Men, as you might expect, were generally more interested in sports than women, but the differences weren’t huge. And football’s dominance extends to both genders.

For example, 53 percent of women in the Washington area say they care about the NFL, with 25 percent saying they care “a great deal.” Both numbers were far higher than the percentage of men who say they care at all or a great deal about the NHL, NBA, Major League Baseball or professional soccer. (For each of those sports, less than 40 percent of area men say they care.)

This is reflected in the stands at FedEx Field, and by the makeup of my Twitter followers, many of whom are women, many of whom know an awful lot about football.

Those facts, though, might surprise folks at the Redskins new women’s club, WOW! (Women of Washington Redskins). The group’s Web site evidently assumes that women have the general football knowledge of toddlers, or possibly space aliens from Neptune who believe football fields are ancient striped burial grounds meant to preserve the souls of baby goats.

“Women may make up 44% of the Redskins fan base, but we’re sure there are ladies out there dying to get into the game if only they could understand it!” the site reads

If only!

Follow the link, and you’ll find a guide to NFL football. It starts like this. 

“One 11-man team has possession of the football.
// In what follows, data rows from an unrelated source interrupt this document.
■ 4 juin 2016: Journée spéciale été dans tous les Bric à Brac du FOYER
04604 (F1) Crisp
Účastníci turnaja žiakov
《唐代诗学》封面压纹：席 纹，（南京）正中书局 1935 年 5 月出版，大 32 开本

It is called the offense and it tries to advance the ball down the field-by running with the ball or throwing it — and score points by crossing the goal line and getting into an area called the end zone.” 
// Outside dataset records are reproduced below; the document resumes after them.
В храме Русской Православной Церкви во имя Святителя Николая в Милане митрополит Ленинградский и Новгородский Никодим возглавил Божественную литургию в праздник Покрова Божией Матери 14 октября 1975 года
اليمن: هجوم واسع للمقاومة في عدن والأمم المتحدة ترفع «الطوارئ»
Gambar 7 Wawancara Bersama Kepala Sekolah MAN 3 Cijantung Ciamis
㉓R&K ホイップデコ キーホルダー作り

(Somebody may want to show this guide to the Redskins, who seem largely unfamiliar with that very exciting-sounding area.)

“The other team (also with 11 players) is called the defense,” the guide continues, gently dislodging brain cells from your head and swatting them merrily into the atmosphere. “It tries to stop the offensive team and make it give up possession of the ball. If the team with the ball does score or is forced to give up possession, the offensive and defensive teams switch roles (the offensive team goes on defense and the defensive team goes on offense). And so on, back and forth, until all four quarters of the game have been played.” 

By now, if you’re a woman, you’re probably curious about that funny surface those strange and scary men are running around on. Like, why is it green? Isn’t that so silly! Feel free to sit down and have a Diet Coke, if all this complicated manly stuff is making your poor head hurt! 

“Little white markings on the field called yard markers help the players, officials, and the fans keep track of the ball,” the guide explains. “Probably the most important part of the field is the end zone. It's an additional 10 yards on each end of the field. This is where the points add up! When the offense — the team with possession of the ball — gets the ball into the opponent's end zone, they score points.” 

Among other highlights, the guide also tells its female and space-alien readership that “the object of the game is to score the most points,” that “a touchdown is the biggest single score in a football game,” and that the quarterback is “a man of many talents — he not only throws the ball, he outlines each play to his team.”

(Nowhere does the guide suggest that, for some accursed teams, the quarterback is not, in fact, a man of many talents.) 

There is also a glossary, if you’re “tired of football sounding like a foreign language.” “Game Clock,” for example, is defined as the “scoreboard game clock,” while “Unsportsmanlike Conduct” is “any act contrary to the generally understood principles of sportsmanship.” 

Look, I have no problem with reaching out to new fans. I just don’t see why you’d aim such a kindergarten-style look at America’s favorite sport toward an entire gender, as opposed to, say, unfrozen 16th century Swedes, or cute kittens, or especially bright pieces of cardboard.

Plus, many of these terms are completely unnecessary for a fledgling Redskins fan. “Touchdown,” for example.